Write out again the lines from the line with "On the front" up to and including the line with "Китайский традиционный женский", exactly as they stand below, and skip any picture.

━━━ INPUT MATERIAL

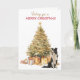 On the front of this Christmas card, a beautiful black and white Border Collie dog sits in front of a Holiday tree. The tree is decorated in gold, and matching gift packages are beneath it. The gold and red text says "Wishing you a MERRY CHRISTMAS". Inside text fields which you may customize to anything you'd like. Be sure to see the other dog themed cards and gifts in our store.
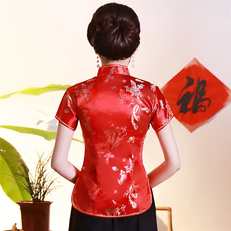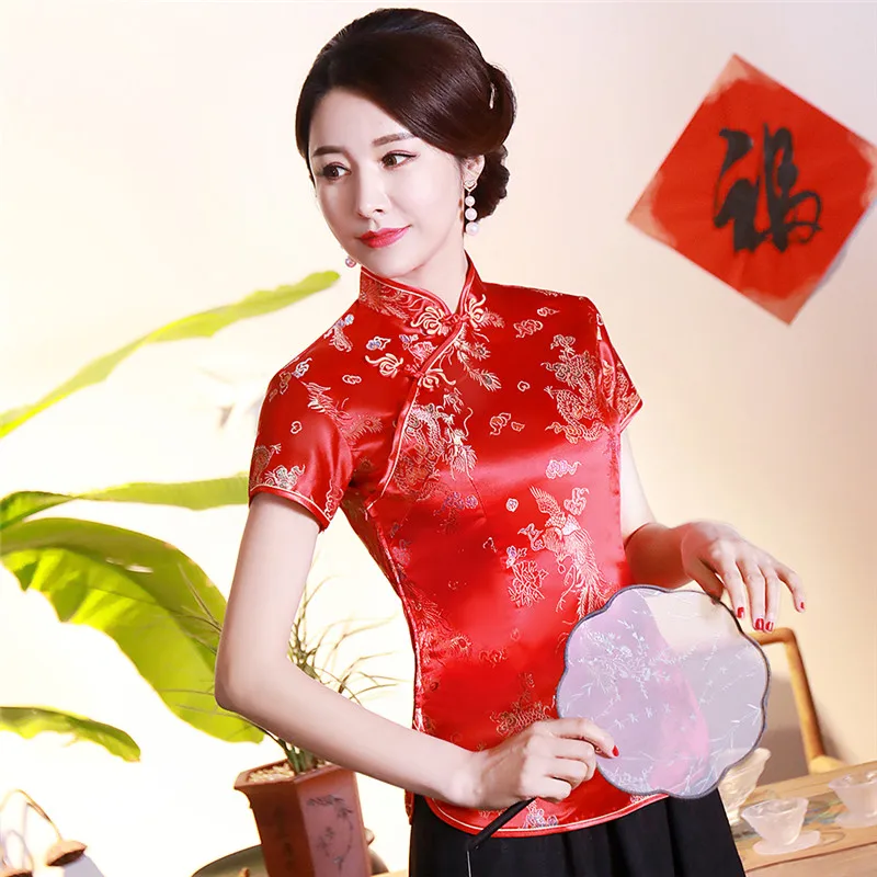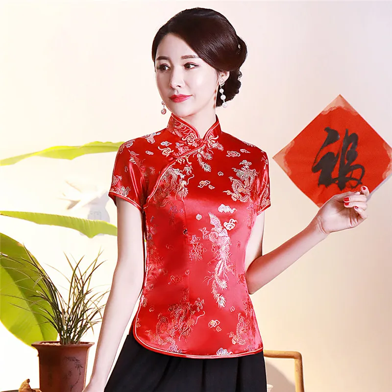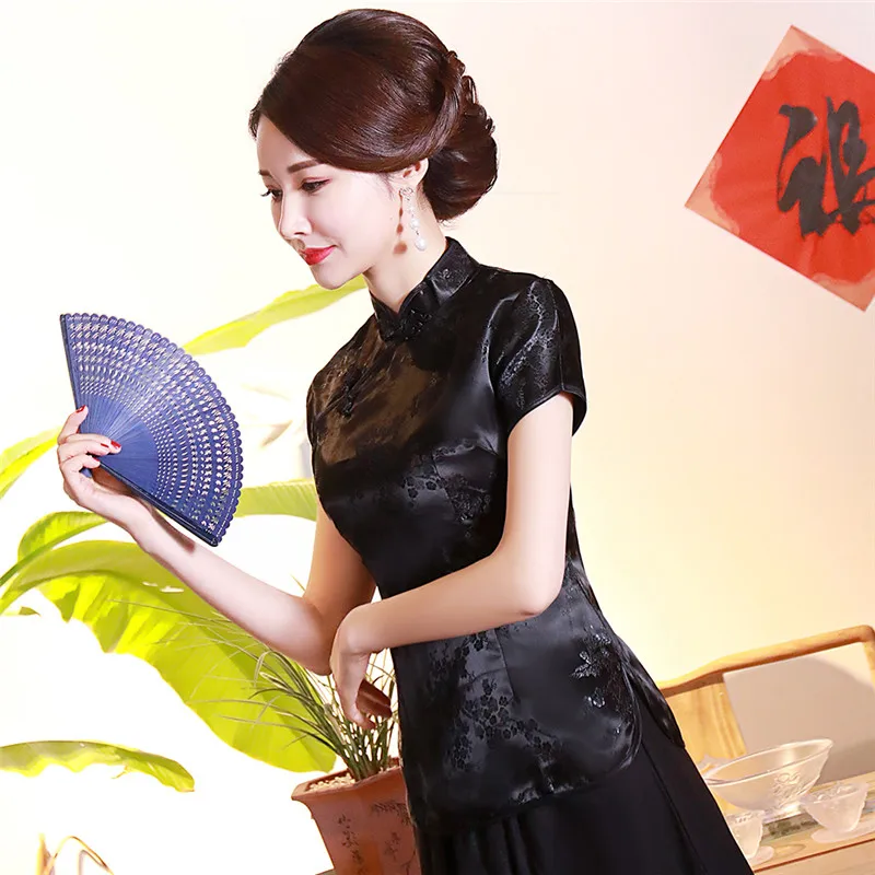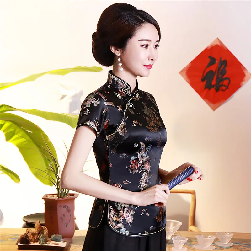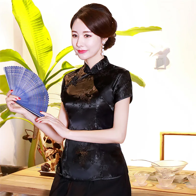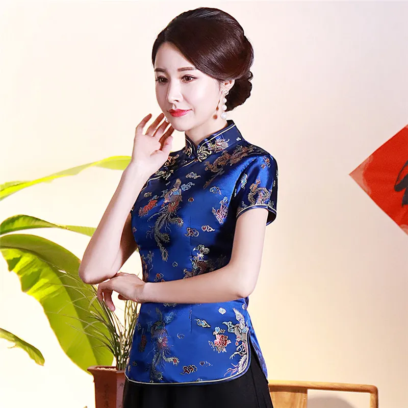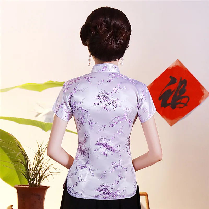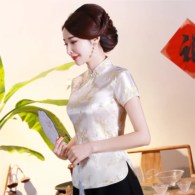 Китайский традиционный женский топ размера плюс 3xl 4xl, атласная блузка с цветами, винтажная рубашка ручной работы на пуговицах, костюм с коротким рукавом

━━━━━━
━━━ INPUT MATERIAL

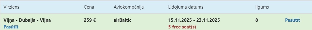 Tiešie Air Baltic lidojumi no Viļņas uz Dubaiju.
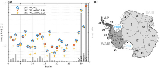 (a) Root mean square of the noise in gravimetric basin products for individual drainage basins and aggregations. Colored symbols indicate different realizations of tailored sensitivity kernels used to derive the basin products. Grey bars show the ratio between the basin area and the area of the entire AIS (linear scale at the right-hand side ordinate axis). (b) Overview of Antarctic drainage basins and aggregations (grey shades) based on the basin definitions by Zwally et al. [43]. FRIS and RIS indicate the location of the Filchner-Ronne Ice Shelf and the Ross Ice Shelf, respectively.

━━━━━━
━━━ INPUT MATERIAL

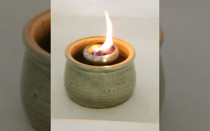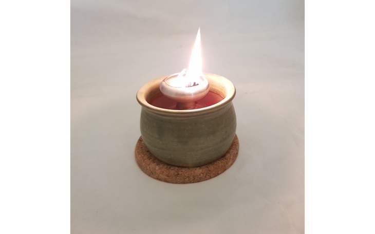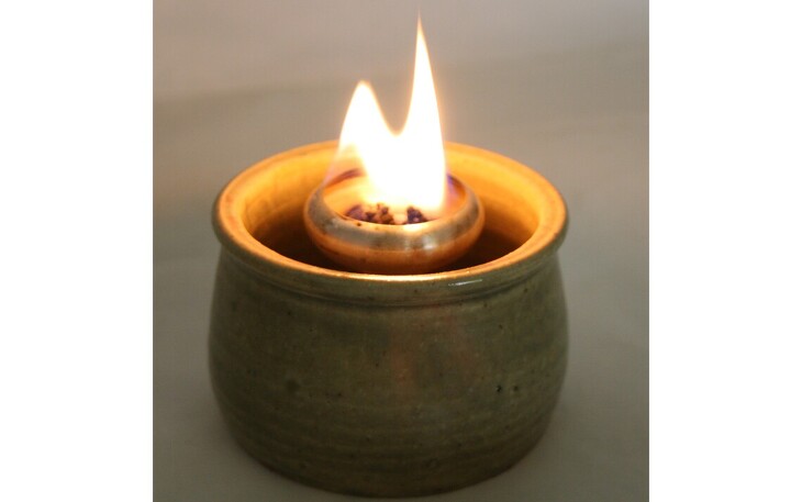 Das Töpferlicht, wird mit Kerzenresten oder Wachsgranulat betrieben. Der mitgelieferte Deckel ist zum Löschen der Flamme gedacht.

━━━━━━

RESPONSE>
 On the front of this Christmas card, a beautiful black and white Border Collie dog sits in front of a Holiday tree. The tree is decorated in gold, and matching gift packages are beneath it. The gold and red text says "Wishing you a MERRY CHRISTMAS". Inside text fields which you may customize to anything you'd like. Be sure to see the other dog themed cards and gifts in our store.
 Китайский традиционный женский топ размера плюс 3xl 4xl, атласная блузка с цветами, винтажная рубашка ручной работы на пуговицах, костюм с коротким рукавом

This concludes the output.